To verify that our modification not only fixes the previous vulnerability but also allows the smart contract to continue proceeding according to its original design — meaning that even if an attacker writes anomalous attack code, the normal business logic will still provide them with the normal amount of Ether.

Therefore, we added another NuSMV assertion: SPEC AG !(user.new_contract.ETH = 12)

to determine whether, after the overall flow is completed, the user's contract balance is 12 Ether.

The modified model verification results are shown below:

-- specification AG !(user.new_contract.ETH > 12)  is true
-- specification AG !(user.new_contract.ETH = 12)  is false
-- as demonstrated by the following execution sequence
Trace Description: CTL Counterexample
Trace Type: Counterexample
  -> State: 1.1 <-
    gas = 15
    user.account = 0
    user.splitRequest = FALSE
    user.child_token = FALSE
user.new_contract.ETH = 10

  -> State: 1.36 <-
    user.split_dao.operation = stackpop
    user.split_dao.states = withdraw_reward_for
  -> State: 1.37 <-
    user.split_dao.operation = relax
    user.split_dao.states = PayOut
    user.split_dao.functionStack.counts = 0
  -> State: 1.38 <-
    user.new_contract.ETH = 12
    user.new_contract.directions = split_proposal
    user.split_dao.states = end

The results indicate:

  1. The vulnerability existing in the original The DAO transaction flow has been successfully fixed.
  2. The fixed model can operate according to the expected normal flow.

Summary

In this experiment, by reading the open-source code of The DAO on Ethereum, we understood the transaction flow containing the vulnerability.
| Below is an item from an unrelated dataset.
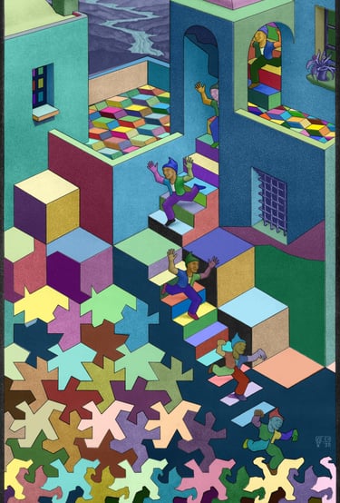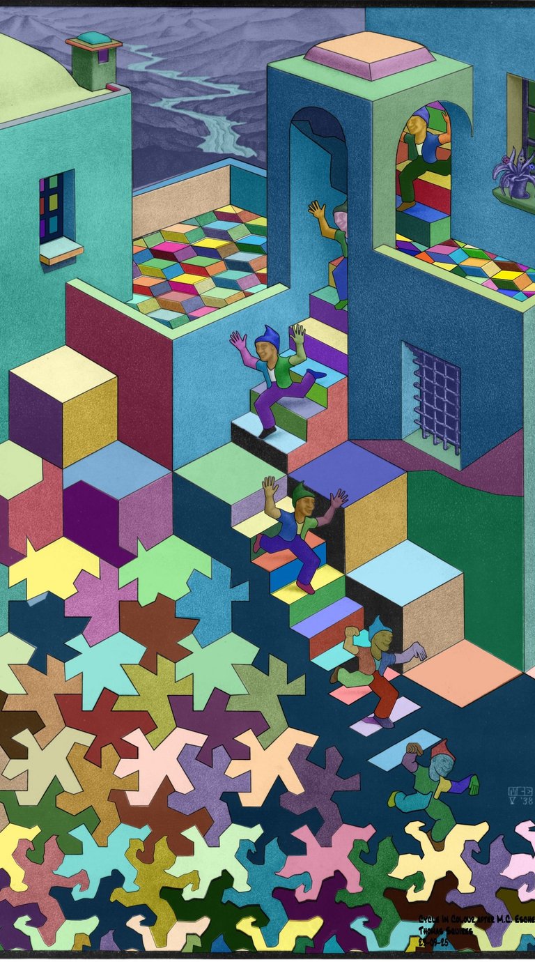 M.C. Escher's cycle artwork made in colour using inkscape.

We then converted this flow into a state machine model with a high degree of similarity to NuSMV. Finally, through NuSMV's model checking functionality, we successfully reproduced the security vulnerability issue in The DAO's smart contract.

Lastly, we performed a fix at the model level for the vulnerability in The DAO, then used NuSMV to test the fixed model again. The final verification results demonstrate that: we successfully fixed the original security vulnerability without breaking the normal logical flow.

Through The DAO verification example, we can see that there indeed exist trustworthiness and security issues in smart contracts, and that formal methods can be well applied to the full lifecycle verification of smart contracts. A good model checking tool helps inspect and verify various properties of smart contracts, thereby ensuring their security.

References

[1] Gray, Jeff. Bitcoin believers: Why digital currency backers are keeping the faith. The Globe and Mail (Phillip Crawley). 7 April 2014 [17 February 2016]. [2] Vigna, Paul. BitBeat: Microsoft to Offer Ethereum-Based Services on Azure. The Wall Street Journal (Blog). News Corp. 28 October 2015 [17 February 2016]. [3] Jon, Evans. Vapor No More: Ethereum Has Launched. techcrunch.com. [25 February 2016]. [4] Nathaniel Popper for the New York Times. March 27, 2016 Ethereum, a Virtual Currency, Enables Transactions That Rival Bitcoin's. [5] The great chain of being sure about things. The Economist. 31 October 2015 [4 May 2016]. [6] Piasecki, Piotr J. Gaming Self-Contained Provably Fair Smart Contract Casinos. Ledger. 2016, 1: 99–110. doi:10.5195/ledger.2016.29. [7] Peck, M. Ethereum's 150-Million Blockchain-Powered Fund Opens Just as Researchers Call For a Halt. IEEE Spectrum. Institute of Electrical and Electronics Engineers. 28 May 2016. [8] Popper, Nathaniel. Hacker May Have Taken 50 Million From Cybercurrency Project. The New York Times. 17 June 2016.